Severe shipping delays: 'We wouldn’t survive if we delivered at that rate,' says Mainfreight

Waves of pandemic demand have forced Mainfreight to store product in the aisles and find temporary warehouses to absorb the increase in stock. Photo: Supplied

Pushed by the demands of the pandemic, Mainfreight managing director Don Braid says the logistics company will spend $540 million on new infrastructure

If there’s one theme that has come to epitomise the impact Covid-19 has had on many businesses it’s seriously congested supply chains.

Around the world, car production lines have been halted by a lack of semiconductors, liquor distillers have run out of bottles and retailers have experienced difficulties restocking inventories.

Just ask Mainfreight managing director Don Braid who admits that times during the past 12 months were like being in the eye of a storm.

“Both internationally and also domestically, the volumes of freight would come at us in waves and we needed to quickly find extra capacity. Imported product would be delayed and then would suddenly arrive on your doorstep.”

Braid says what complicated matters was that businesses all faced the same situation at the same time.

“If they could get product manufactured and they could get space, then they ordered more than probably what they needed, particularly in the categories that we operate in: food, beverage, DIY, fast moving consumer goods, perishables and pharmaceuticals in order to secure inventories.
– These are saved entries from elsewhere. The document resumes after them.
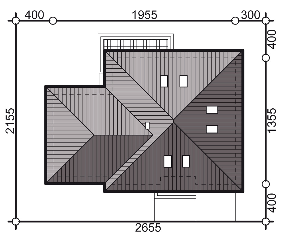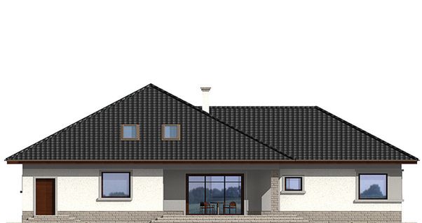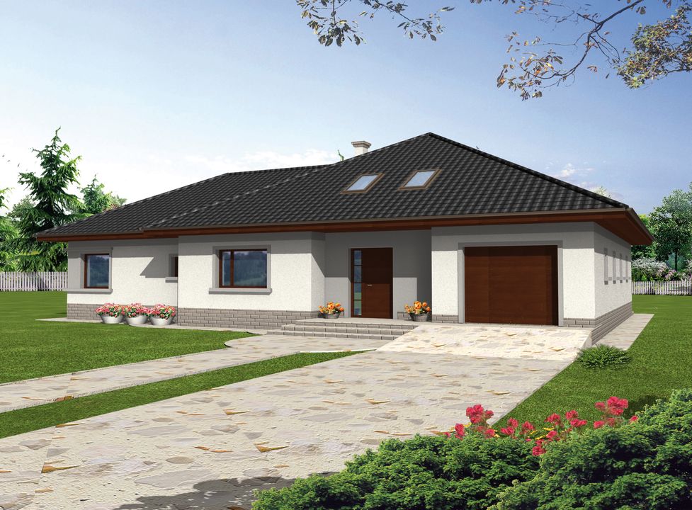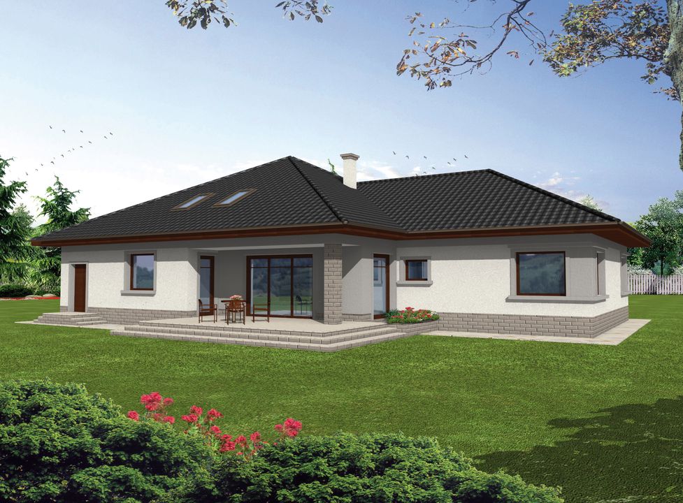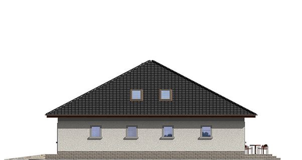 Graficzne opracowanie rzutów poglądowych widocznych na karcie projektu zostało wykonane przez Extradom.pl. Prezentowane przez Extradom.pl wizualizacje wykonane zostały przez autora projektu i należy poczytywać je jedynie za przykład i propozycję wykończenia, wizję architektoniczną autora projektu. Ostateczne wykończenie budynku może nastąpić na wiele sposobów. Szczegółowe rozwiązania zastosowane w oferowanej dokumentacji - w tym również ilość, lokalizacje i wygląd okien, drzwi, kominów - mogą w niewielkim stopniu różnić się od prezentowanej wizualizacji budynku.
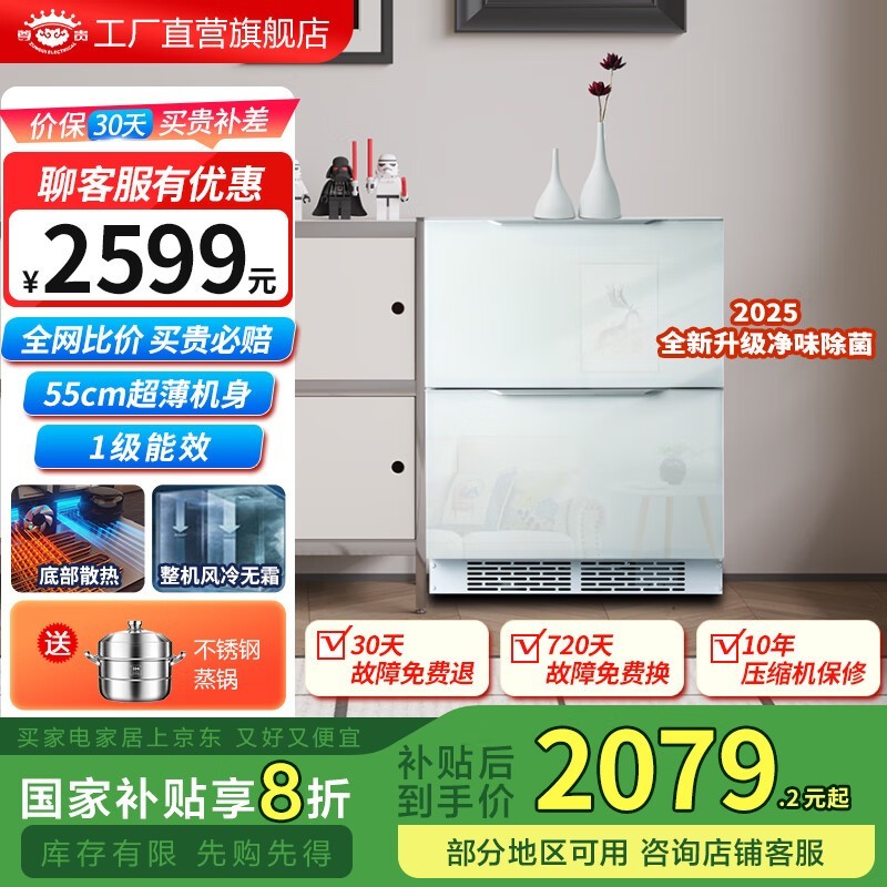 尊贵ZUNGUI嵌入式冰箱:55cm超薄变频设计,68L精致生活节能储藏专家
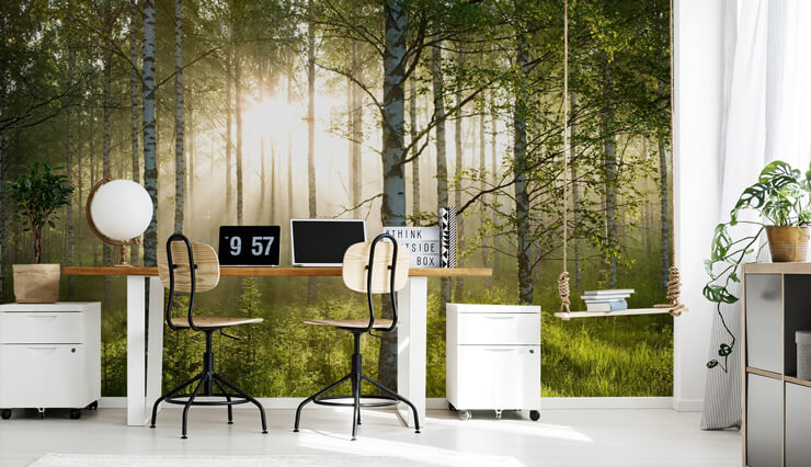 Åpen planløsning betyr også multifunksjonsområder. Hvis du kombinerer områder i en åpen planløsning, kan en vegg med et forfriskende veggmaleri umiddelbart forbedre den. Hvorfor ikke balansere utendørs med et veggmaleri som utfyller naturen og skaper en ekte wow-faktor i et arbeidsområde? Denne skogdesignen gjør jobben!

Everyone was buying all at once.”

For decades, businesses have prioritised costs above all else when selecting suppliers, building factories and deciding how much stock to keep on hand.

“We were even forced to store product in the aisles at times and people had to go and find temporary warehouses to absorb the increase in stock that customers were bringing in.” – Don Braid, Mainfreight

This philosophy has often been dubbed “just in time” stock management because it emphasised keeping inventory to a minimum and using short-term, flexible delivery contracts that could respond quickly to changes in demand.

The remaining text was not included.